▽

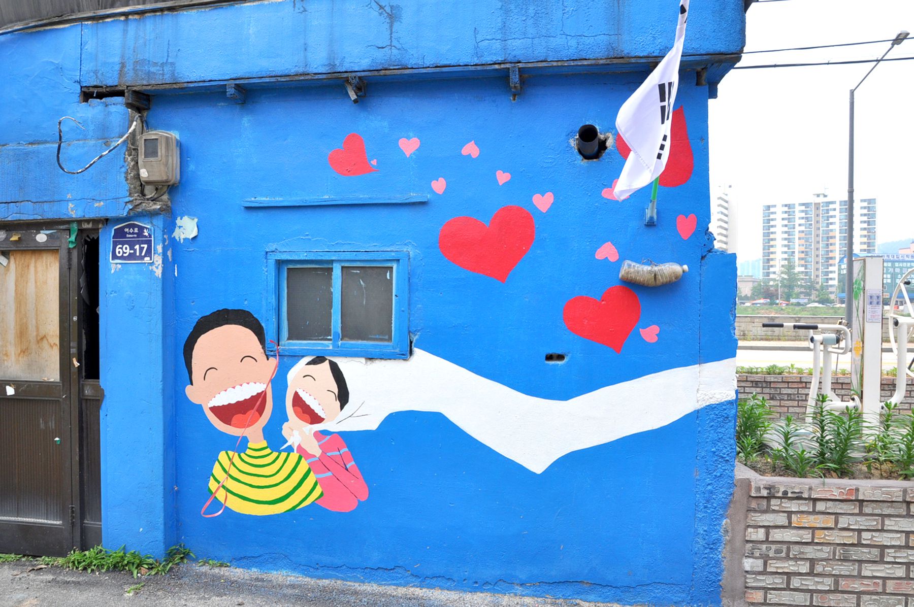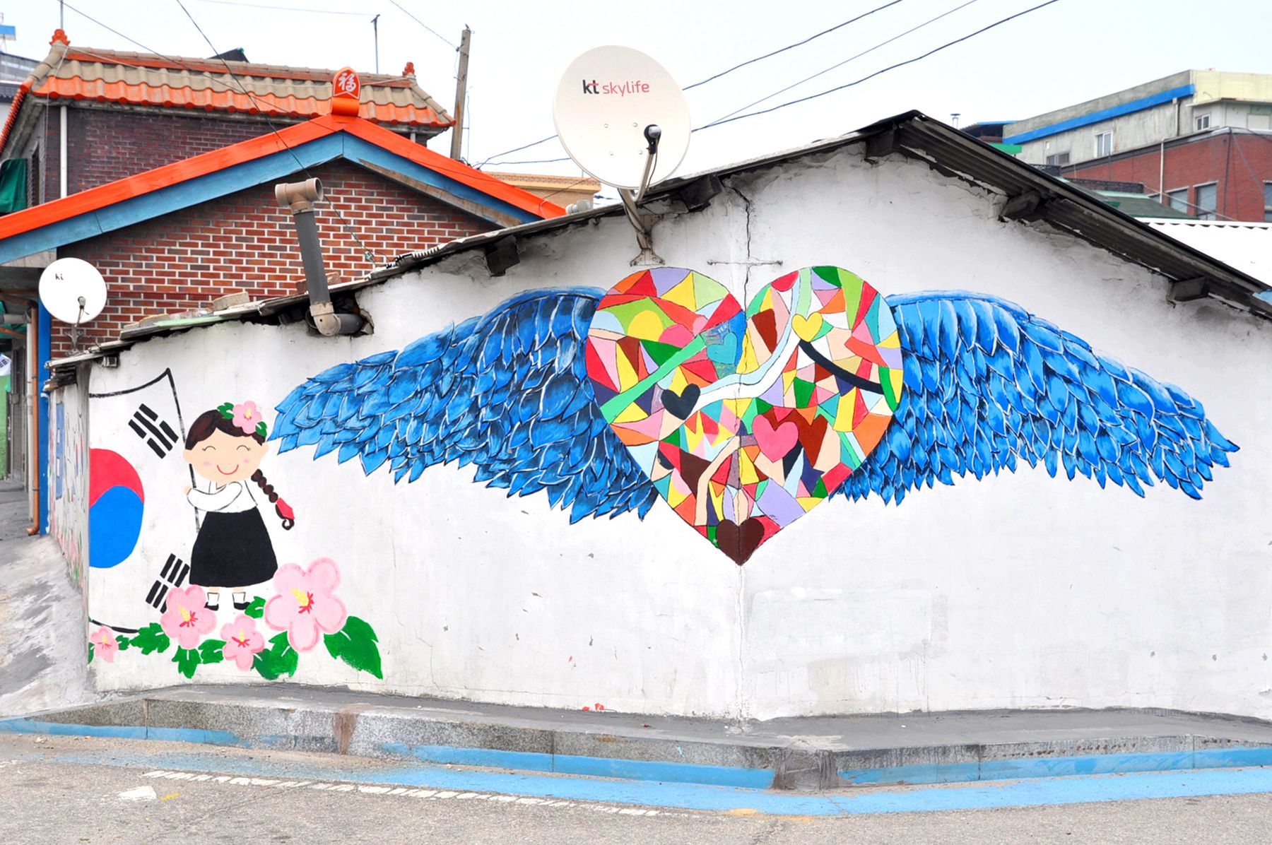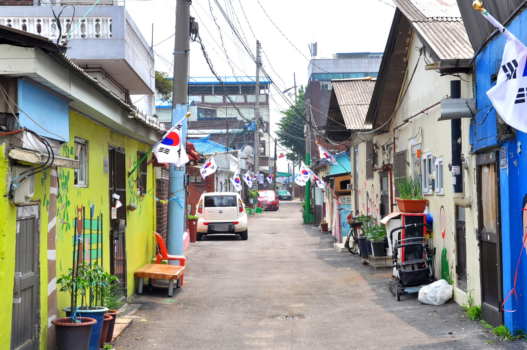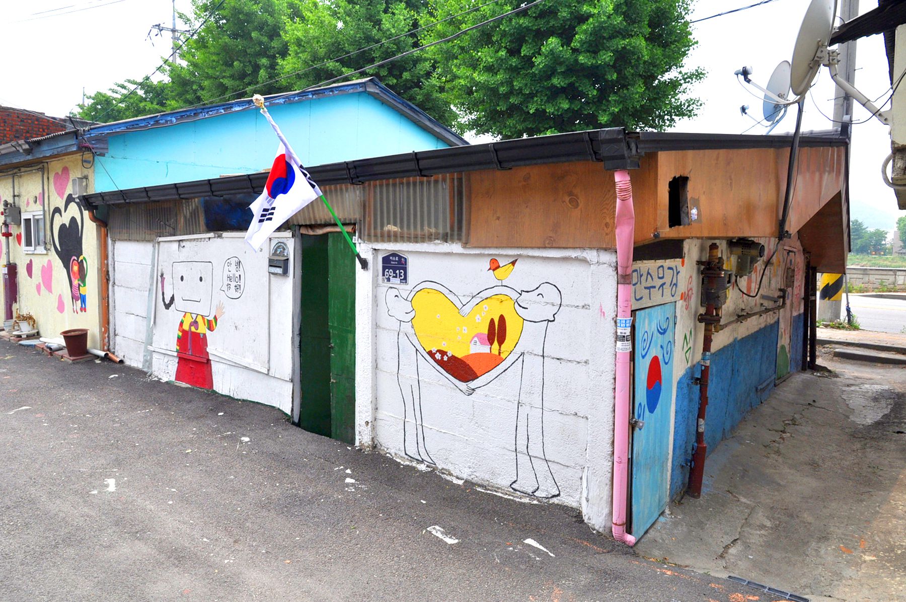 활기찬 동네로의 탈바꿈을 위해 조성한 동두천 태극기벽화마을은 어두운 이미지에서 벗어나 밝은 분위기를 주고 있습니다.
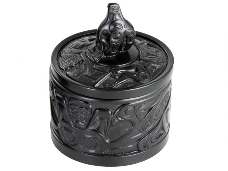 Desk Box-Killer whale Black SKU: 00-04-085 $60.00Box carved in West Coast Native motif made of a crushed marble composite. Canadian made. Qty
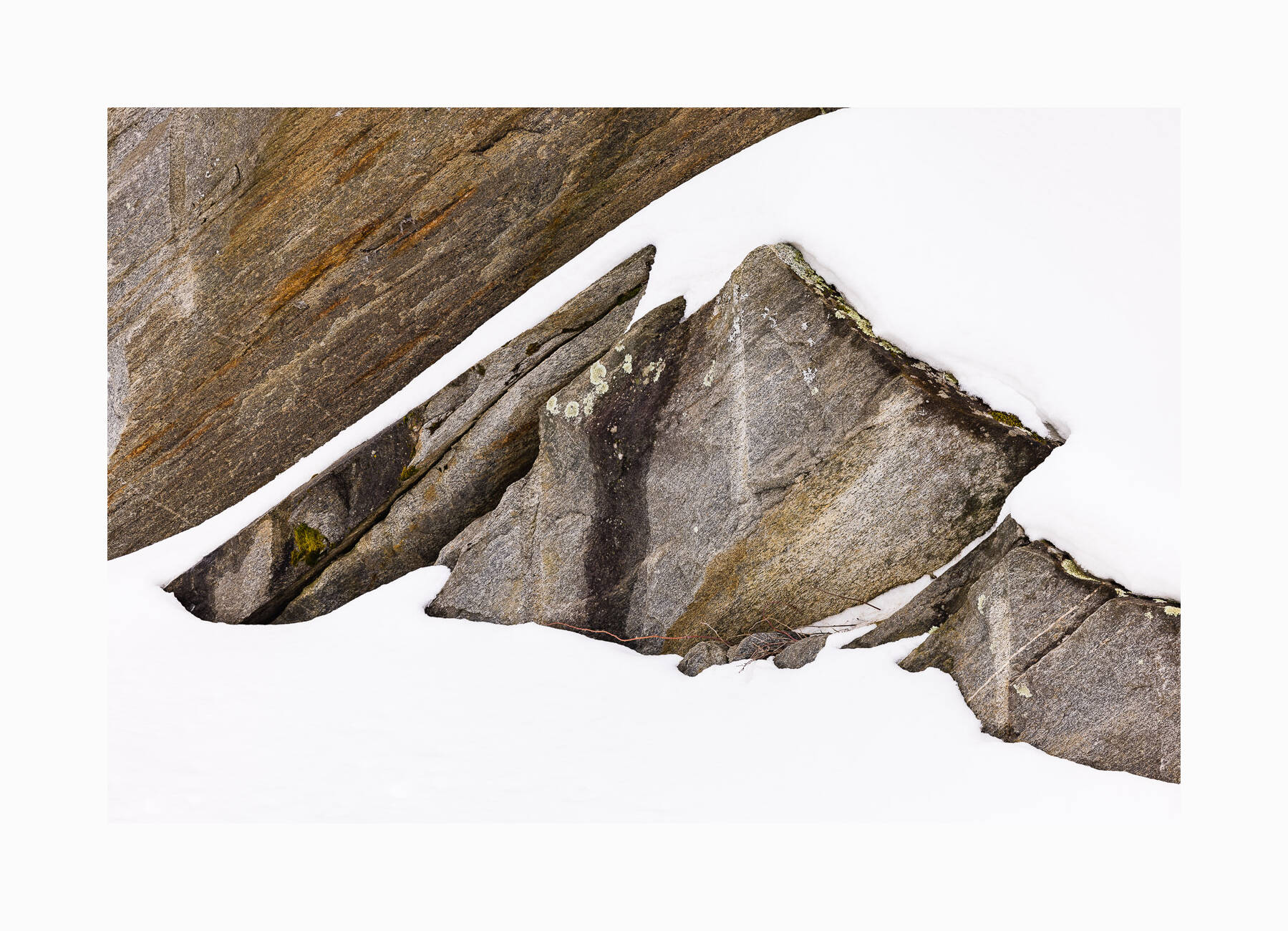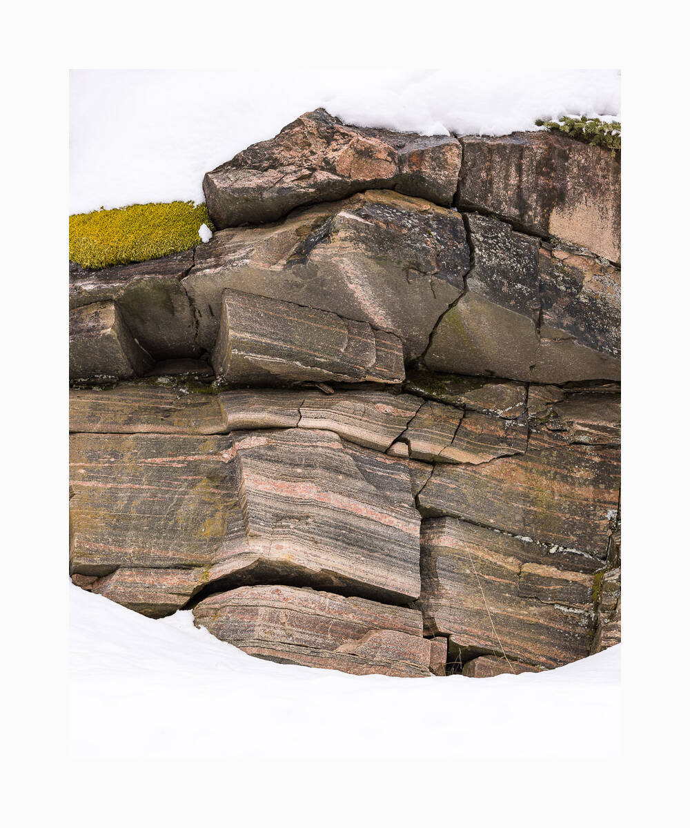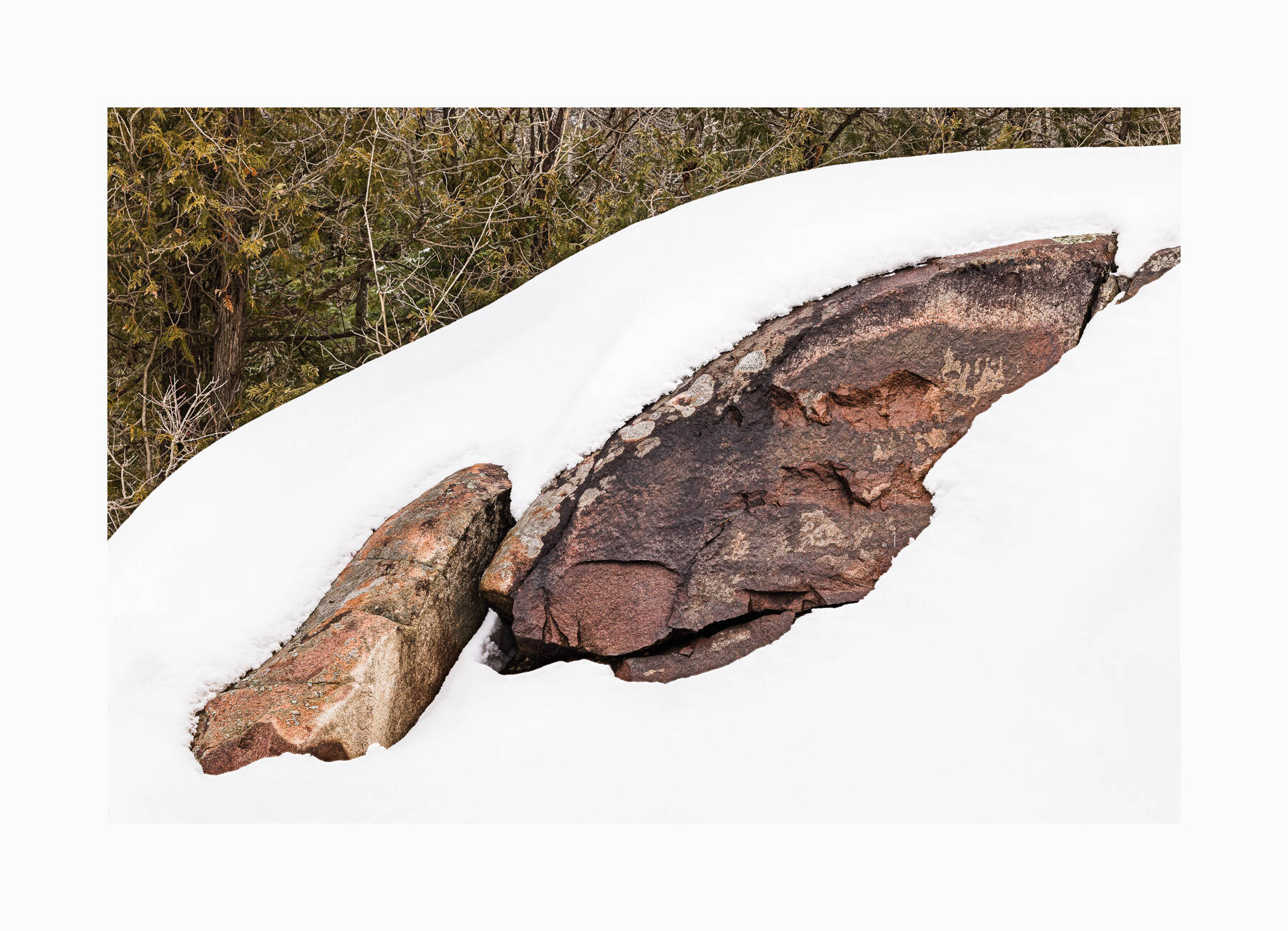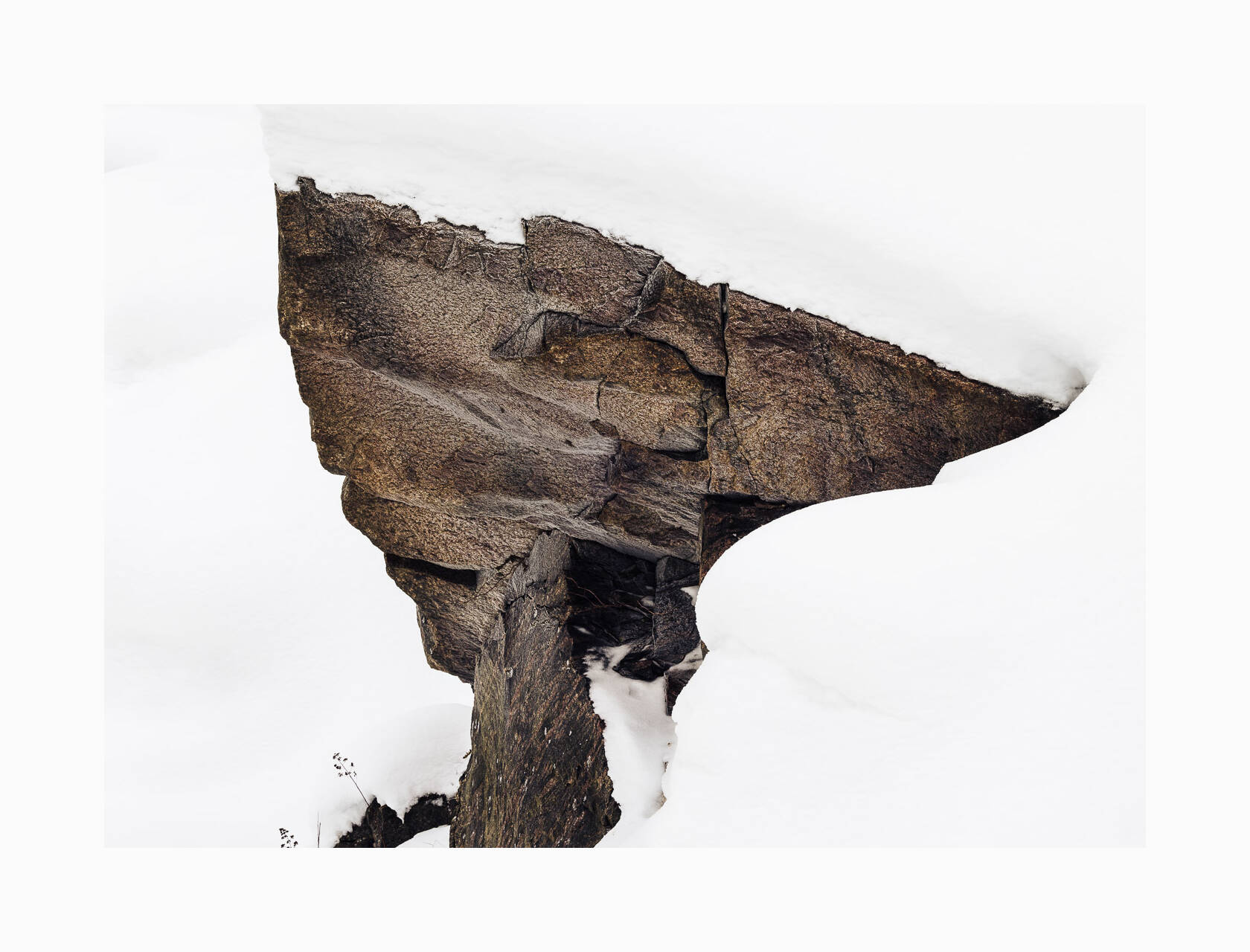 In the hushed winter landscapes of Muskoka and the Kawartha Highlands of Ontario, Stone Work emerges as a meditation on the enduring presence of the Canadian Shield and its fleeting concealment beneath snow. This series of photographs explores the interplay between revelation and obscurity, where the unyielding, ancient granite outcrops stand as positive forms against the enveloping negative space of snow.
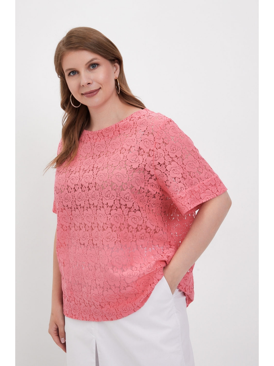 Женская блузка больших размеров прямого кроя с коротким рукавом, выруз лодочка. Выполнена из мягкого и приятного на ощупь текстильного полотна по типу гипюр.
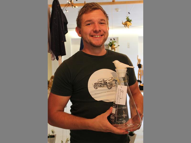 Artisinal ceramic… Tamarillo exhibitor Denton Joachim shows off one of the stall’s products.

△

Work instruction >> What should appear is an exact reproduction of the lines from the one with "Женская блузка больших" through the end of the material above, and no pictures.

Output below >>
 Женская блузка больших размеров прямого кроя с коротким рукавом, выруз лодочка. Выполнена из мягкого и приятного на ощупь текстильного полотна по типу гипюр.
 Artisinal ceramic… Tamarillo exhibitor Denton Joachim shows off one of the stall’s products.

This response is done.